I'm moving in about a month. At the new place I have a choice of Comcast or moving my DirecTV. Probably will go with DTV.

I have 2 hacked DTivos. If I do the Mover's Connection, I can move my present equipment. What will the installer say when he sees I have 2 hacked DTivos?

I think normally the installer hooks the units up to a phone line and makes them phone home. Obviously that won't happen with these.

Anyone go through this before and have any advice?


----------



## dswallow (Dec 3, 2000)

The installer will be happy not to do anything you ask him not to do that he normally does; same money, less work.


----------



## Da Goon (Oct 22, 2006)

How would he know they're hacked? Are you going to tell him? Seriously, though not that any installer would care, but how hard would it really be for you to hide that from someone.


----------



## captain_video (Mar 1, 2002)

There is no way to know that the Tivos are hacked unless you tell him. Since the DTivos are already active on your account then there's no need for the installer to try and get them to dial out. Chances are he'll simply plug them in to see that you're getting a signal to confirm that the dish is aligned properly. The only setup would be for you to rerun guided setup to specify a different zip code to get your locals. Just tell the installer that you'll go through the setup to download the list of local phone numbers yourself. Installers shouldn't need to have the DTivo dial out unless it's a brand new setup and the unit is being activated for the first time.


----------



## JWThiers (Apr 13, 2005)

If he changed the boot splash screen its kind of obvious that the units are hacked, but dswallow is right if you tell him to just mount the dish and run the cable andyou do the rest he will be more than happy to get paid NOT to do something. Also I have found that for a nominal donation to his beer fund, most installers are glad to do darn near anything. ie extra drop in this room or that for that matter maybe even pull a cat 5 cable or 3 for you if it is just going to the same location as the coax.


----------



## tonypitt (May 9, 2004)

JWThiers said:


> If he changed the boot splash screen its kind of obvious that the units are hacked, but dswallow is right if you tell him to just mount the dish and run the cable andyou do the rest he will be more than happy to get paid NOT to do something. Also I have found that for a nominal donation to his beer fund, most installers are glad to do darn near anything. ie extra drop in this room or that for that matter maybe even pull a cat 5 cable or 3 for you if it is just going to the same location as the coax.
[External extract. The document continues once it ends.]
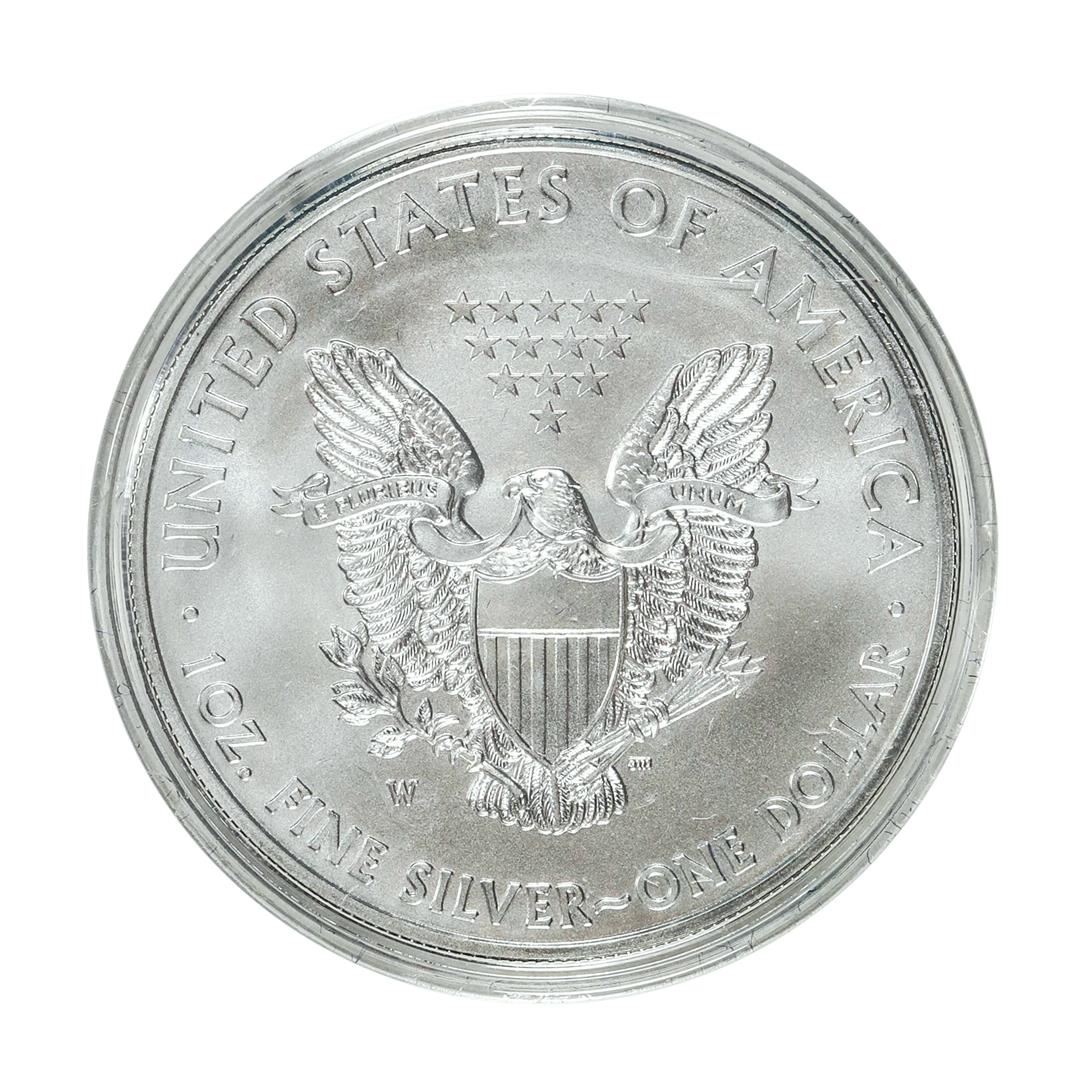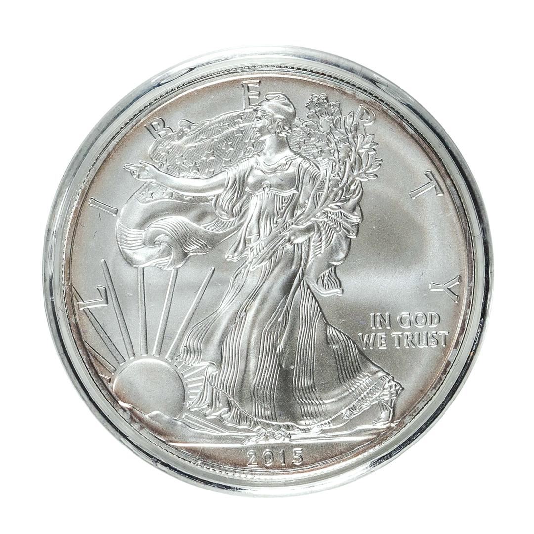 One 2015-W $1 Burnished American Silver Eagle Coin.

As you noted, the splash screen has been changed, so in that respect it's pretty obvious that the units are hacked.

As far as just having him run cable but not hooking it up to my equipment: Every time I've had an install or maintenance guy come out, they've used the signal strength meter to verify that the dish is pointed correctly and receiving all channels. For me to ask the guy to set things up, but then not actually see a picture on any TV seems like a recipe for a problem.
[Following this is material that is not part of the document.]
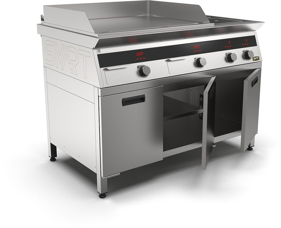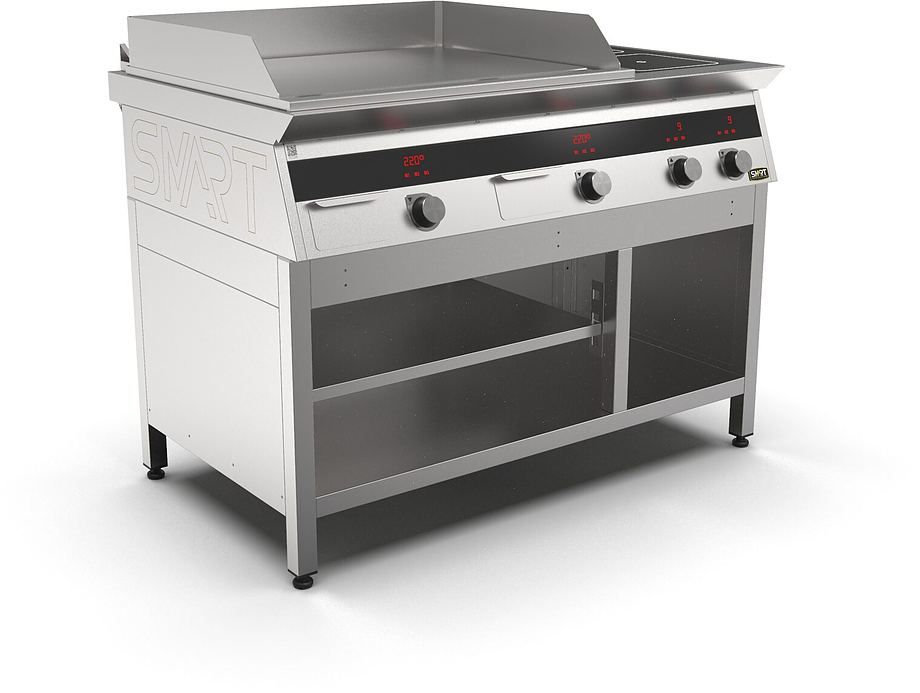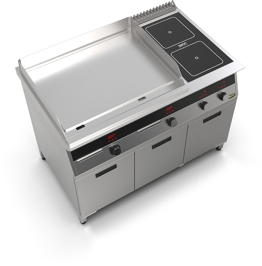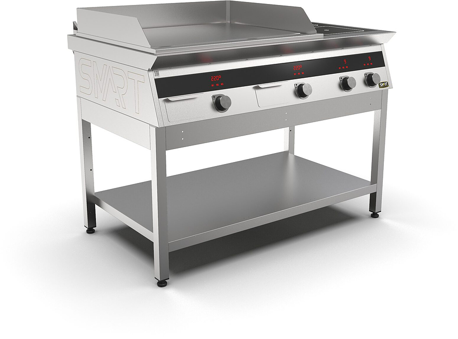 Индукционная плита SMART INDUCTION K96-3PPKN (с грилем) серии 900 используется на предприятиях общественного питания, торговли и пищевых производствах для приготовления и разогрева различных видов блюд в специализированной посуде. Модель оснащена электро-механическим управлением, сенсорными кнопками, индикаторами, 3 жировыми фильтрами съемным, 2 ящиками для сбора масла, жира и остатков пищи и регулируемыми ножками. Материал корпуса, столешницы и воздуховода - высококачественная нержавеющая сталь AISI 430, материал рабочей поверхности - стеклокерамика, материал поверхности гриля и передней панели - нержавеющая сталь.

I think that if I dig around a bit I might be able to find an unhacked R10 in a closet. Maybe I can have that around for use with the install and say the others are still "packed". Maybe if they'll give me one for free I'll have DirecTV give me an R15 to play with.
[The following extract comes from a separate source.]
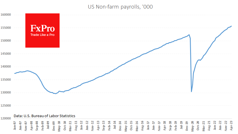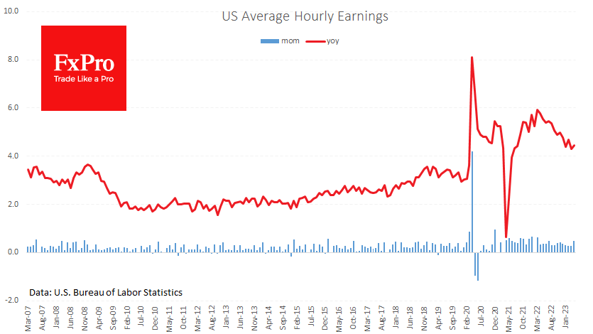 Уровень безработицы снизился до 3.4%, при том, что аналитики ожидали увеличения с 3.5% до 3.6%. Доля экономически активного населения остаётся на высоком уровне 62.6%, продолжая ползти вверх по направлению к 63.4%, наблюдавшемуся до локдаунов на covid-19. Восстановление стоит связать как со снижением страха заболеть, что оставляло людей дома в 2020–2022, но также и с повышенной инфляцией, которая «выгоняет» людей на работу в попытке сохранить уровень жизни.

Thanks for the info here. If anyone else has any experience of having an install with hacked units, I'd appreciate hearing about it.


----------



## JWThiers (Apr 13, 2005)

Then again I don't think they really care.


----------



## 73cuda (May 21, 2007)

That's what I've been thinking, why would the installer care ? As long as he can get strong signals and all the channels you're supposed to get I think the installer will be happy and move on to his next job. You're not stealing service.


----------



## Gunnyman (Jul 10, 2003)

My installer asked for a copy of my Zipper install CD's


----------



## JWThiers (Apr 13, 2005)

I made my own.


----------



## Billdkid (Jun 11, 2007)

Believe me we dont care if you dont


----------



## Soapm (May 9, 2007)

JWThiers said:


> Then again I don't think they really care.


Naw, they don't work for Tivo...


----------



## trainman (Jan 29, 2001)

Had a technician (and a trainee) out today to move and realign my dish, because a tree had grown in its way. (Probably could have done it myself, except that it's on the roof of my apartment building, and I'm not allowed up there.)

Anyway, they saw the "TiVo Unleashed" boot screen that's the Zipper default. They saw the Linksys wireless access point connected to a USB port on the TiVo. These items seemed to have no impact on them whatsoever.

But the tech did mention to the trainee that "the new DVR boots up much faster." I mumbled something about how much I liked the TiVo software, and that was that.


----------



## Soapm (May 9, 2007)

trainman said:


> But the tech did mention to the trainee that "the new DVR boots up much faster."


I'm sure that meant a lot to the trainee??? "New, how will I know new? How old is this one?"


----------